The continuous evolution of the Severe Acute Respiratory Syndrome Coronavirus 2 (SARS-CoV-2) has led to the emergence of several variants, and distinct lineages and sub-lineages [1–3] representing significant challenges for public health and requiring a regular monitoring. XBB variant and its related sub-lineages replaced previously circulating Omicron variant in early 2023. XBB presents a strong capacity for crossing over the host immune system, surpassing the immune evasiveness of BA.5 [4]. The Omicron XBB.1.5 has become predominant in Italy starting from April 2023 [5]. It continued to evolve, yielding other main sub-lineages (i.e., XBB.1.9.1, XBB.1.9.2, XBB.1.16, XBB.2.3, FE.1) which circulated and played a key role in viral infection and transmission.
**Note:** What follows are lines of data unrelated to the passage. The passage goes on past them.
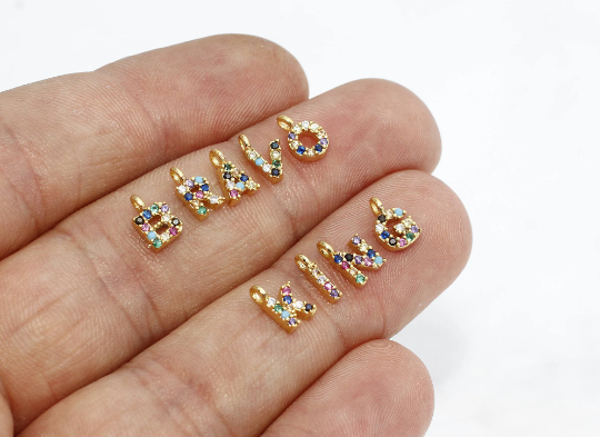 5x8mm 24k Shiny Gold Cz Letters, Cz Colorful Letter Charms, HRF30
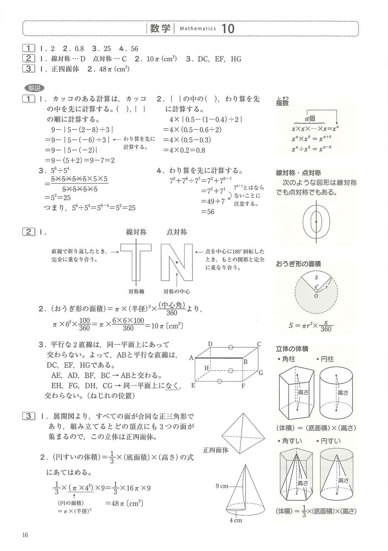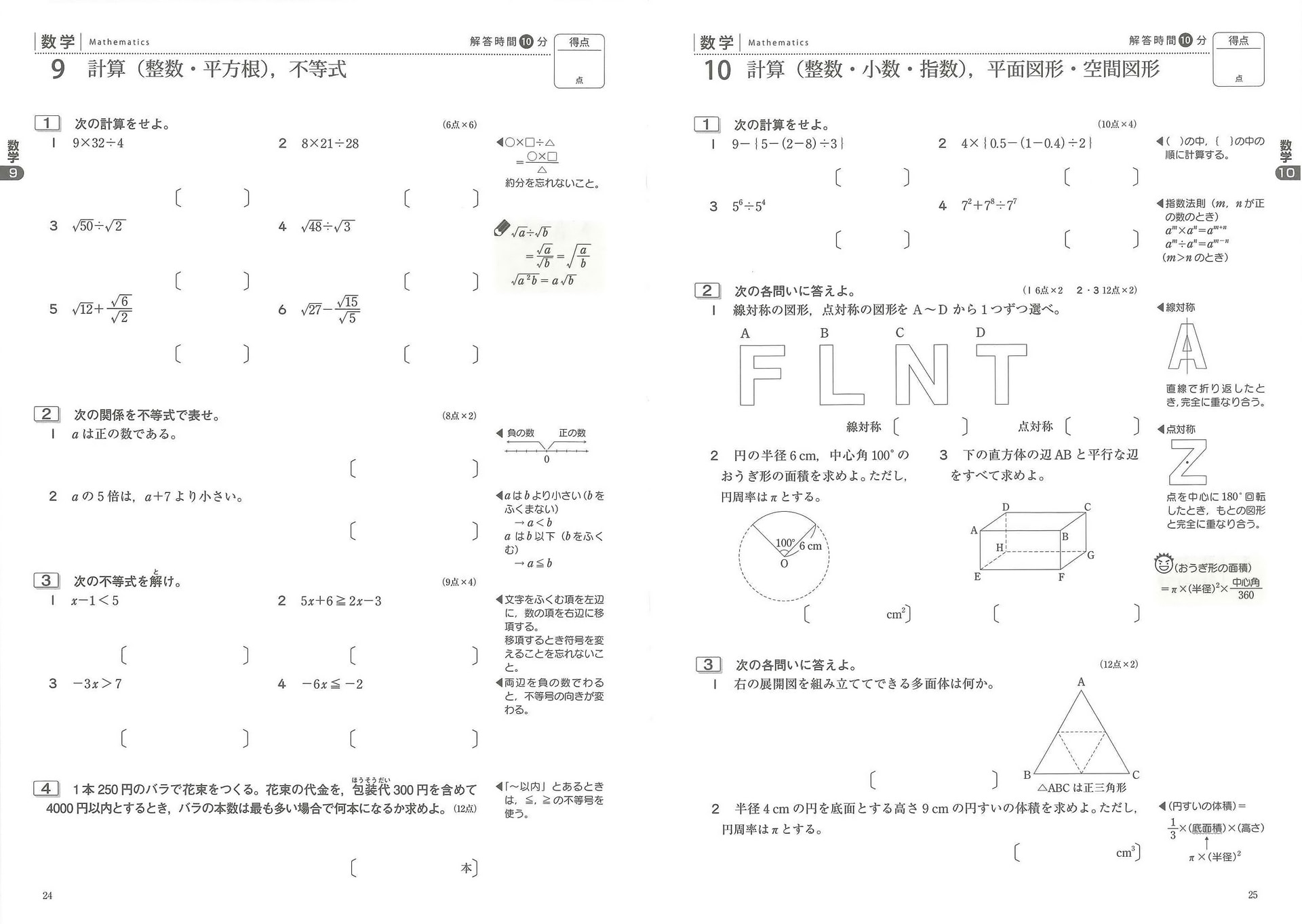 数学:整数・小数・分数・平方根の計算/割合・比/確率/平面図形・空間図形 他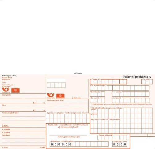 Poštovní poukázka A s alonží (prázdným polem) umožňuje dotisk obrázku, zprávy nebo reklamního sdělení.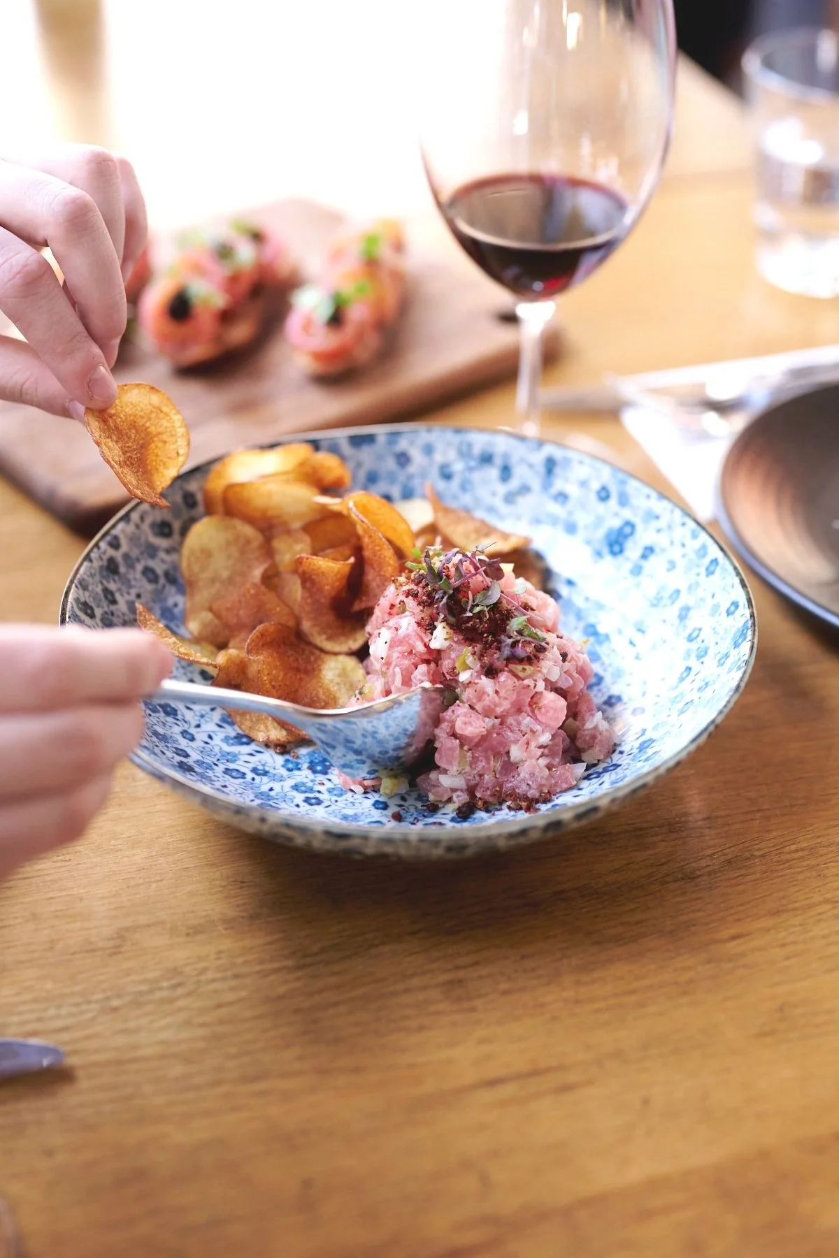 Solo diners feel comfortable at the bar with a glass and a plate. Couples settle in for relaxed lunch dates. Families gather for birthdays. Groups of friends stretch a midday booking into the afternoon.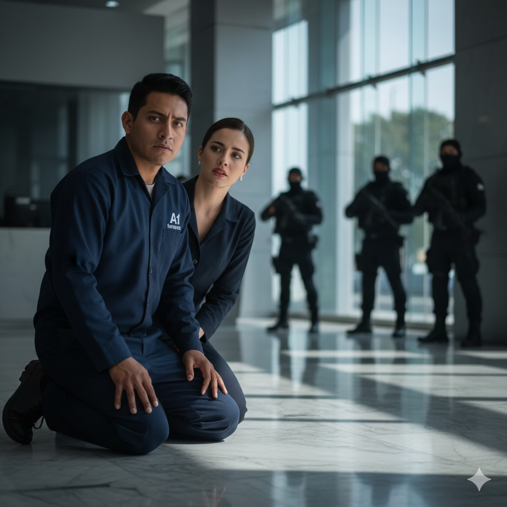 Estaba en el suelo. El mármol frío de la sucursal de Paseo de la Reforma se hundía en la seda de su blusa, y el aire se sentía denso, cargado de ese olor metálico a miedo y desinfectante barato. Giró la cabeza apenas una fracción de pulgada. El hombre que yacía a su lado era el de la limpieza. Lo había visto cien veces en este mismo banco: un espectro con un carrito y un trapeador al que nadie se molestaba en saludar.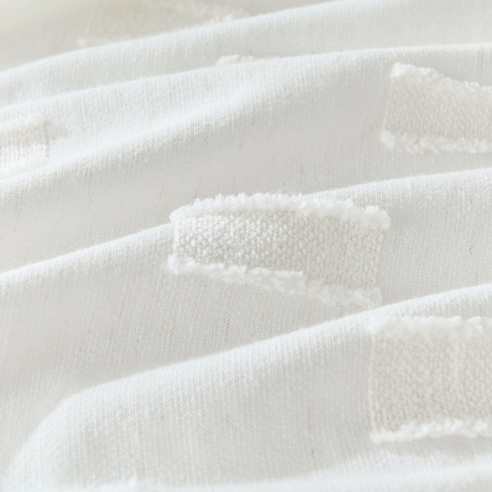 Solace is designed to bring a sense of quiet order to the room. Its soft white base is woven with subtle raised details, adding gentle texture without visual weight. Light passes through evenly, creating a calm, balanced glow throughout the space. The fabric drapes naturally, holding its shape while remaining relaxed and comfortable. Solace feels thoughtful and understated—an easy choice for spaces that value softness, structure, and everyday ease.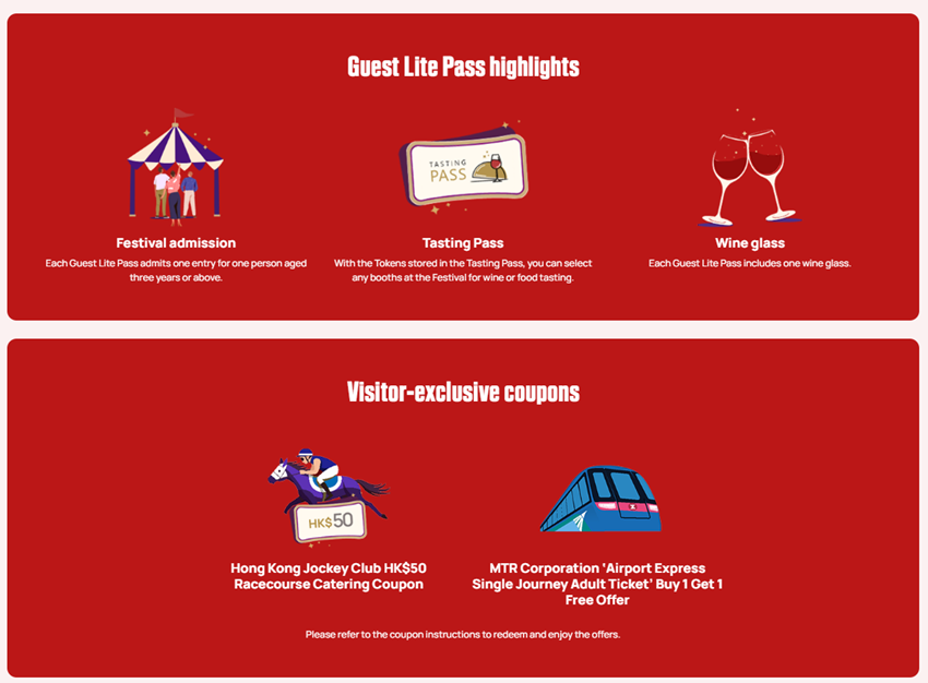 グランドワインテイスティングパス入場券1枚(HK$40)16トークン(HK$400)グランドワイングラス1杯(HK$200)グランドワインパビリオンアクセス(スナック付き)クーポン(HK$200) HK$840相当598香港ドル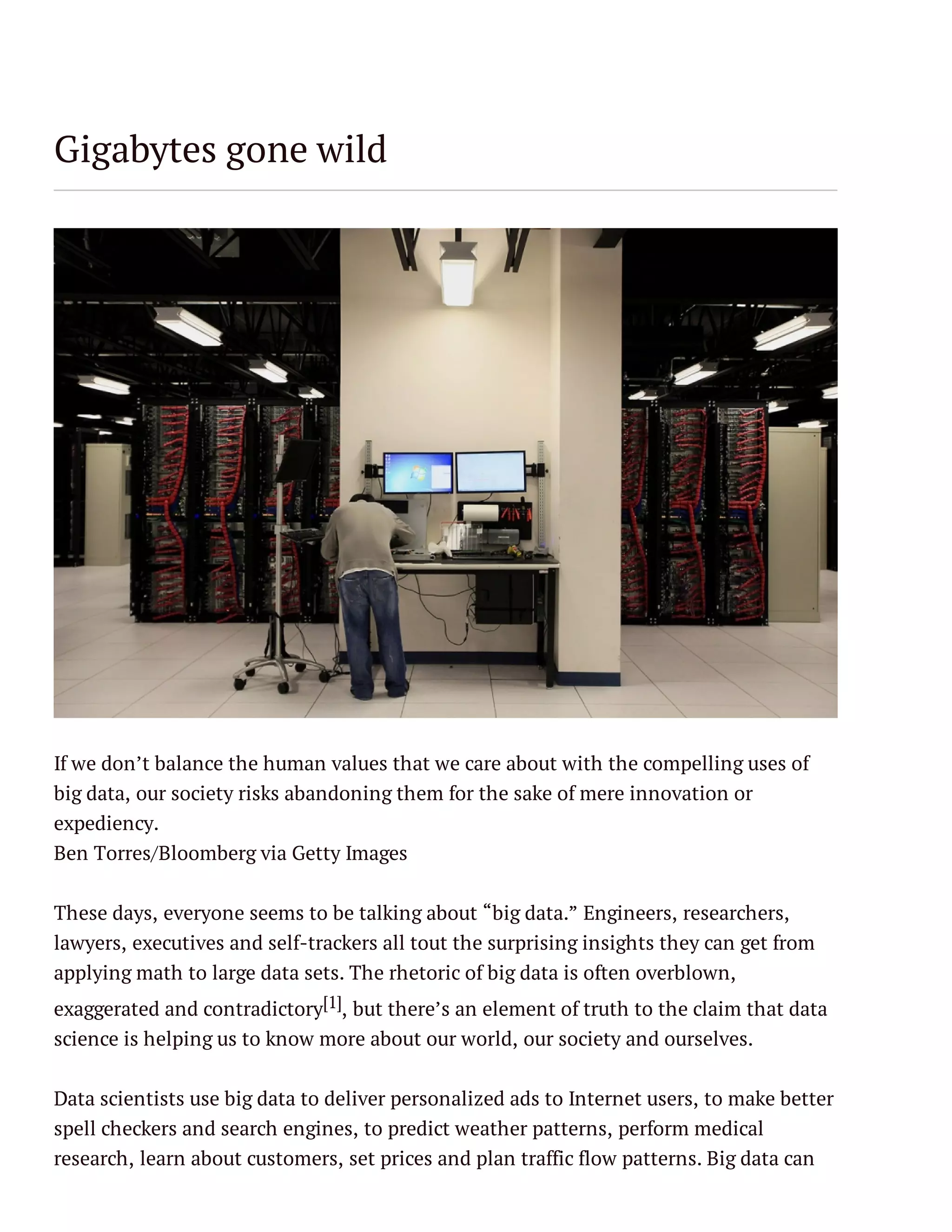 The document discusses the ethical implications of big data, emphasizing the need to balance innovation with critical human values like privacy, transparency, and identity. It advocates for a societal conversation on big data ethics to ensure that decision-making processes based on personal data do not infringe on individual rights. The authors suggest that while legal frameworks must be established, ethical considerations should be at the forefront of the data science revolution to protect societal interests.

In August 2023, this variant was replaced by the EG.5, which became the most prevalent in the country [6]. In the same period the lineage named BA.2.86, has been detected in multiple countries, prompting its classification as a Variant of Interest (VOI) by the World Health Organization (WHO) (World Health Organization 2024 [7]). According to data reported from the Italian flash survey report [8], this viral strain was detected in Italy for the first time in September 2023. The reproductive efficiency of BA.2.86 is estimated to be similar or even higher that of XBB.1.5 and EG.5.1 [9]. Although BA.2.86 did not show substantial humoral immune escape and growth advantage compared to EG.5 and EG.5.1 variants, it showed remarkably high ACE2 (angiotensin-converting enzyme 2) binding affinity [9–13]. Moreover, the defining and relevant mutations in the Spike of XBB.1.5*, XBB.1.9*, XBB.1.16*, XBB.2.3*, FE.1*, EG.5*, BA.2.86* described by the outbreak.info mutation tracker (reported and summarized in S1 Table), represent the main reasons to monitor these variants [14], along with the ability to monitor the onset of possible additional mutations which can arise in specific strains over time.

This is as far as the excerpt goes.